Find a recurrence relation problem...

Question

Well... I am stuck with the recurrence problem...

Find a recurrence relation for the number Queen walks from the lower-left corner of an arbitrary-size chess board to the square $(n,n)$. (A Queen can move any number of squares horizantally, vertically, or diagonally. Assume that the Queen always move to the right,up, or up-right.) Find the corresponding generating function.

I think I have to split the cases with the movements(right, up, or up-right.)

It becomes tricky with that a Queen can move any number of squares...

Can I get some clue to start?

Answer 1

See, that from position $(a,b)$ the queen can move right in $n-b$ ways, up in $n-a$ ways and 'right-up' in $\min(n-a, n-b)$ ways.

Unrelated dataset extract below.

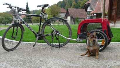 Ich wollte mich mal wieder melden. Seit meinem letzten Brief ist eine Menge Zeit vergangen, und viel Neues und Aufregendes ist passiert. Fangen wir mal vorne an. Ich war ja am Sommerfest mit meinen Leuten. Das hat eine Menge Spaß gemacht. Ich durfte sogar mein können im Mobility Parcours unter Beweis stellen. Ich denke das habe ich sehr gut gemeistert. Bin halt ein Naturtalent! Meinen Leuten hat es auch eine Menge Spaß gemacht. Sie fanden es eine super Sache, und haben ordentlich konsumiert um euch zu unterstützen. Und beim Flohmarkt haben sie auch noch reingeschaut. Und wie es so ist mein Frauchen muss immer etwas "poschten" (kaufen)!!! Da hat sie mir einen Velo anhänger geholt. Ich gehe ja soooooooo gerne mit, wenn Frauchen und Herrchen auf dem Fahrrad sind. Im Sommer wenn es dann ganz doll warm ist, da kann ich halt nicht so lange mithalten! Und deshalb finde ich diesen Anhänger supi, wenn ich nicht mehr kann, werde ich einfach verladen und weiter geht die Reise. Das macht Spaaaaassssss!!!! Das war wirklich eine super Investition.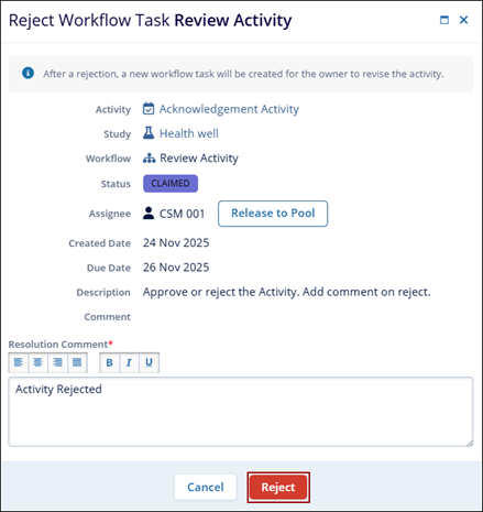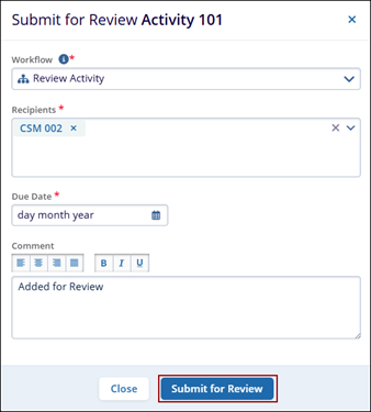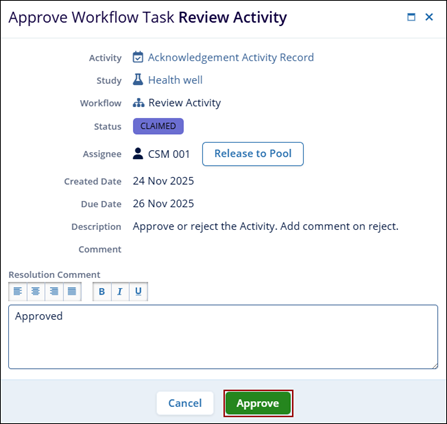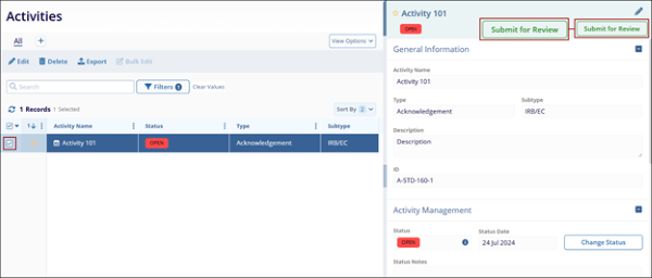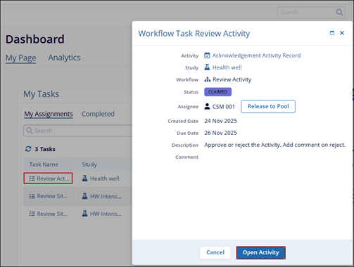 - On the Workflow Task Review Activity pop-up, click on Open Activity.

Therefore the recursive function can be written as

public int count=0;
public int n;
public void main()
{
  n=8; //here you can set your n
  count =0;
  movements(1,1);
  Console.WriteLine(count.ToString());
}
public void movements(int a, int b)
{
  if(a==n && b==n)
  {
    count++;
    return;
  }
  for(int i=a+1; i<=n; ++i)
    movements(i, b);
  for(int i=b+1; i<=n; ++i)
    movements(a, i);
  for(int i=1 ; i<=Math.Min(n-a, n-b); ++i)
    movements(a+i, b+i);
}

or, in mathematical way:

$f(a,b,n) = \begin{cases}1 &, (a,b)=(n,n);\\ \sum\limits_{i=a+1}^nf(i,b,n)+\sum\limits_{i=b+1}^n f(a,i,n) + \sum\limits_{i=1}^{\min(n-a,n-b)}f(a+i,b+i,n) &, (a,b)\neq (n,n); \end{cases}$